8. A cellular phone having a voice synthesizer as recited in claim 6 .
9. A voice synthesizer according to claim 6 , wherein the speech style further includes foreign languages; and
the voice synthesizing part selects a stereotypical sentence in said foreign languages, which is different from the language of the voice-contents, when the foreign language is selected as the speech style.
10. A voice synthesizer according to claim 6 , wherein the memory further stores information of the stereotypical sentences each of which associated to the corresponds prosody data.
11. A voice synthesizer according to claim 6 , wherein the voice synthesizing part determines a word to be inserted in a replaceable part in the stereotypical sentences and calculates a prosody data of the word, and synthesizes the voice signal by inserting the prosody data of the input word to the replaceable part in the stereotypical sentences.

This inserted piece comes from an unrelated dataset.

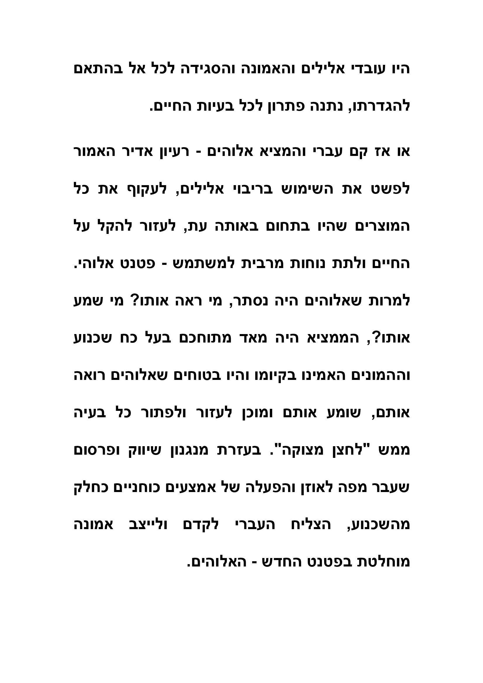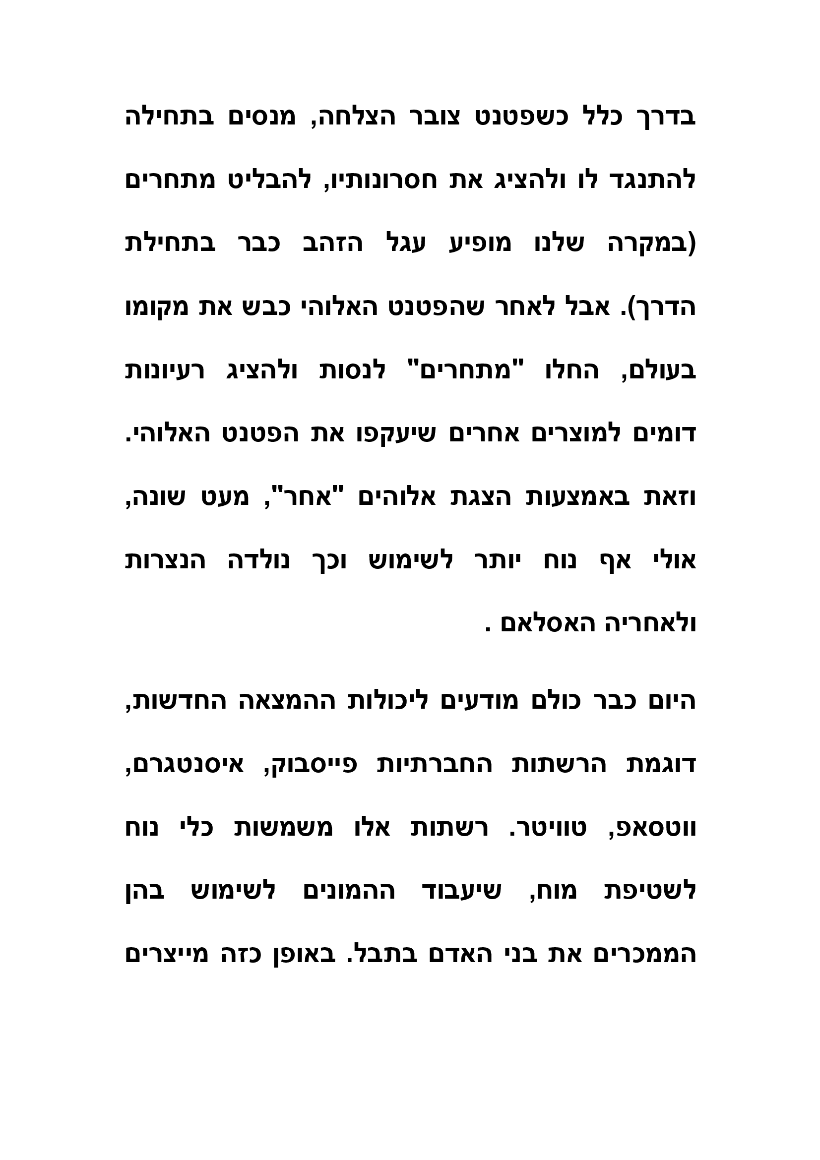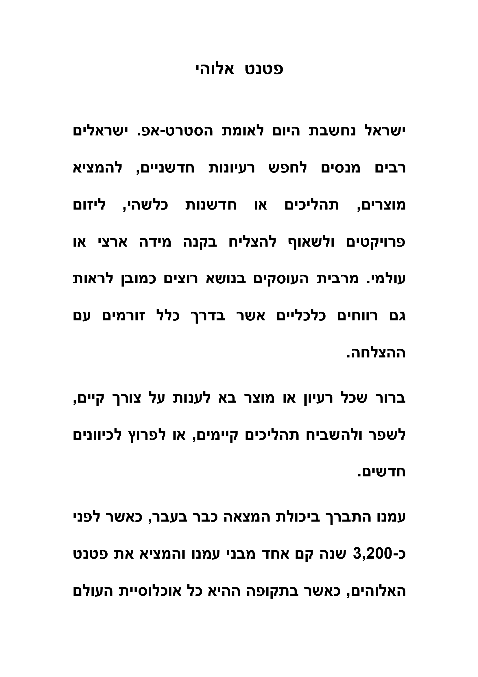 יפה. מחבר המאמר פספס את הכישלון העסקי העצום בסטארט האלוהי. לא ידענו לדרוש ולקבל זכות יוצרים, לא על אלוהים, לא על התנ"ך, לא על הברית החדשה (אחד מבני עמנו אחראי ליצירה) ולא על עשרת הדיברות. במידה והזכויות על עשרת הדיברות היו בידינו והיינו גובים ולו רק 10 אגורות על כל שימוש בדיברה, היינו משוחררים לעד מבעיות כספיות. כשלון איום שגרם לי לאבד את האמונה בחוש העסקי "המפורסם" של היהודים

12. A prosody-data distributing method comprising steps of:
receiving an input specifying a speech style;
preparing a speech style dictionary that corresponds to the specified speech style which includes prosody data of a plurality of stereotypical sentences each of which corresponds to a predetermined voice contents and is in the same language as the voice-contents; and
supplying said speech style dictionary to a server provided in a communication network or a terminal device connected via said server;
so that the server and the terminal device can perform voice synthesis of the stereotypical sentence, when an input of specifying voice-content and speech style is input, using the supplied speech style dictionary.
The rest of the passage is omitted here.